AIで要らなくなったSaaS、要るSaaSは、どれ? 日本の「SaaS is dead」の実態:SaaSの導入/継続判断で失敗した理由
エイトレッドが「AI時代に生き残るSaaSの条件に関する実態調査」の結果を公表。8割がSaaS見直しの必要性を実感する一方、AI代替の困難さや導入失敗の要因などが示された。
ワークフローシステムを提供するエイトレッドは2026年4月22日、「AI時代に生き残るSaaSの条件に関する実態調査」の結果を公表した。調査は2026年3月31日〜4月3日に実施され、調査対象は従業員100人以上の企業に勤務し、業務でAIを活用している情報システム・DX推進・経営企画部門の担当者107人。
8割が、AIの進化によってSaaSの見直しの必要性を実感
同調査の結果によると、近年におけるAIの進化を受け、利用中のSaaSについて「現在見直しを検討している」との回答結果が48.6%、「既に見直しを実施した」が15.0%を占めた。その一方、「見直しの必要性は感じているが、まだ検討していない」という回答も16.8%に上った。
AIで要らなくなったSaaS、要るSaaSは、どれ?
見直しの可能性があるSaaS領域としては、「プロジェクト管理・タスク管理」(45.3%)と「営業支援(SFA)」(44.2%)、「Web会議・オンライン商談」(34.9%)が上位を占めている。
逆に、AIでは代替が難しい(見直しの対象にならない)と思うSaaSの領域としては、「チャットツール・コミュニケーション」(27.9%)、「Web会議・オンライン商談」(24.4%)、「プロジェクト管理・タスク管理」(23.3%)などが上位に挙げられた。
ガバナンス系SaaSは6割超がAI代替不可と認識
「ガバナンスやコンプライアンスに関わるSaaS(ワークフロー、電子契約、監査対応など)は、AIでは代替できない(代替すべきでない)と思いますか」という質問に対しては、「非常にそう思う」という回答が16.8%、「ややそう思う」が46.7%であった。

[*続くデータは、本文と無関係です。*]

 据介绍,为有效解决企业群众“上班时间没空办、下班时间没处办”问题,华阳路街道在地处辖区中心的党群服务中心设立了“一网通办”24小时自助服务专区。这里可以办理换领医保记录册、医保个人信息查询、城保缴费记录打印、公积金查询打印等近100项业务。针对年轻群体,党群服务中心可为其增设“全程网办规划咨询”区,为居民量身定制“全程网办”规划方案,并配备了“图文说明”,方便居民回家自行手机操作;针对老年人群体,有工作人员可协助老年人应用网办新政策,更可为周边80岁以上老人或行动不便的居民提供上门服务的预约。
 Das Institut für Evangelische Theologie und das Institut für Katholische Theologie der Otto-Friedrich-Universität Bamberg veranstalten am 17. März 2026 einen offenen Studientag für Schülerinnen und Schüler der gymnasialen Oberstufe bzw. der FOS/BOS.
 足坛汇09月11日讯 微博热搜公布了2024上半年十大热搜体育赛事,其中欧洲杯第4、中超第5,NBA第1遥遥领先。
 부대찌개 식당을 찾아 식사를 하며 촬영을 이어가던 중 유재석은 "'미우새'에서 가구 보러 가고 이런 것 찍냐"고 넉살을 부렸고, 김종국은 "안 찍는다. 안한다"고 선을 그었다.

AIで代替できないと思う理由のトップは、「AIの判断ミスが重大なリスクにつながるから」で52.9%を占めた。次いで「承認や決裁には人間の判断と責任が必要だから」(50.0%)、「監査証跡や履歴の厳密な管理が求められるから」(48.5%)、「法令やコンプライアンスへの対応が必要だから」(47.1%)となっている。

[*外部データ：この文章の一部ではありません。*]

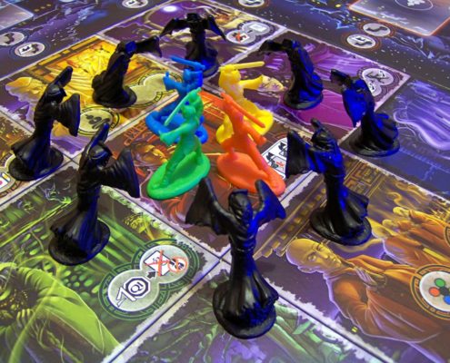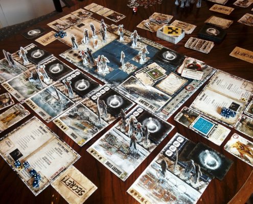 Niniejsze zestawienie zamykam dosyć sporą grą, zarówno pod względem fizycznego rozmiaru jak i tematu. Cthulhu Wars to gra strategiczna, w której gracze wcielają się w Przedwiecznych – mityczne stworzenia z kosmosu i innych wymiarów, znane z tzw. mitologii Cthulhu, stworzonej przez H. P. Lovecrafta. Gra opowiada historię o tym, co się stanie, jeśli gracze zawiodą podczas rozgrywek w Posiadłość Szaleństwa, Horror w Arkham czy inne gry osadzone w tym uniwersum, o których pisałem wcześniej w niniejszym zestawieniu. Wielcy Przedwieczni zbudzili się i sprowadzili na świat zagładę. Teraz toczą walkę między sobą o panowanie nad tym, co pozostało z ludzkości. Gra stawia nas więc w roli niejako samych przedwiecznych, a w trakcie rozgrywki będziemy wykorzystywali naszych kultystów oraz przyzwane przez nie monstra do przejmowania kontroli nad kolejnymi rejonami blogu. Wyobraźcie sobie zatem Ryzyko, ale z użyciem wielkich, 18cm figurek Cthulhu, Hastura i innych bóstw z panteonu mitycznych stworów Lovecrafta. Tytuł doskonale nadaje się na epickie zakończenie imprezy halloweenowej. Pamiętajcie tylko, aby nie odczytywać inskrypcji z kart zbyt głośno, aby niechcący nie otworzyć prawdziwego portalu do innego wymiaru 😉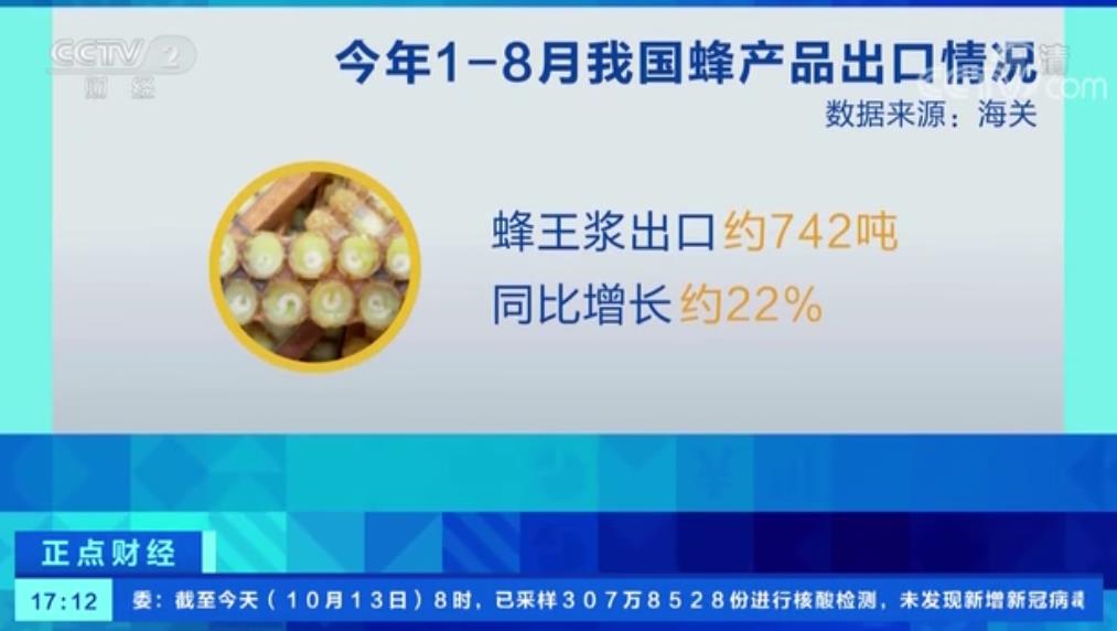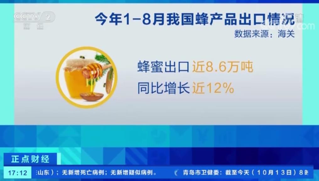記者黃雅潔:”據(jù)中國蜂產(chǎn)品協(xié)會統(tǒng)計,全國蜂產(chǎn)品相關(guān)企業(yè)達(dá)1300余家, 其中出口企業(yè)主要集中在浙江、安徽、湖北等地,主要出口地有日本、 歐盟、澳大利亞和中東地區(qū)。根據(jù)海關(guān)數(shù)據(jù),今年1—8月, 我國共出口蜂蜜近8.6萬噸,出口總量同比增長近12%。此外,我國也是全球最大蜂王漿出口國,產(chǎn)量占全球90%以上。今年1—8月,蜂王漿出口約742噸,同比增長22%。”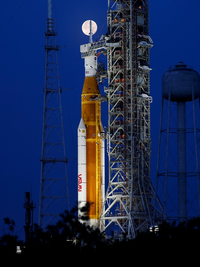 Pemandangan tak biasa namun menawan terlihat saat Bulan Purnama Stroberi seakan bertemu dengan roket Space Launch System (SLS) Artemis 1 yang dibuat NASA untuk misi ke bulan.
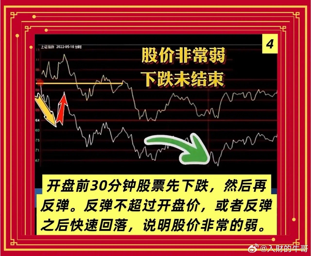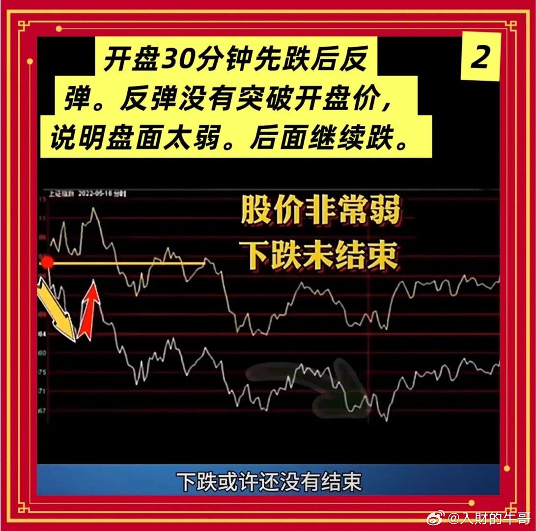 4. 开盘30分钟,股价先下跌再反弹,反弹不超过开盘价,或者反弹之后快速回落,说明股价非常弱,下跌未结束。

自由回答では「AIに任せ切りにすると責任の所在があいまいになる」「ハルシネーションされたときに履歴を追うのが非常に困難だと思う」などの声が寄せられた。
AI連携機能の有無と手放せないSaaSの条件
「AI連携機能を持たないSaaSは今後淘汰(とうた)されていくと思いますか」という設問では、15.0%が「非常にそう思う」、55.1%が「ややそう思う」と回答した。
AI時代において「手放せない(継続利用すべき)」と考えるSaaSの条件について尋ねた設問の回答は、1位が「AIとの連携機能を備えていること」(43.9%)、2位がセキュリティ基準が高く、データ保護が万全なこと(40.2%)、3位が監査証跡やコンプライアンス対応の機能があること(34.6%)となった。
SaaS導入失敗の約6割が既存システムとの連携
なお「過去1年以内にSaaSの導入/継続判断で失敗したと感じた経験はありますか」という設問では、「はい」と答えた割合が36.4%あった一方、「いいえ」も45.8%を占めるという結果となった。
「はい」と答えた回答者に対して、「どのような点で失敗したと感じましたか」と尋ねた設問では、「既存システムとの連携がうまくいかなかったこと」が59.0%で最多となり、「コストに見合う価値を感じられなかったこと」(46.2%)、「現場に定着せず、利用率が低いままだったこと」(35.9%)が続く結果となった。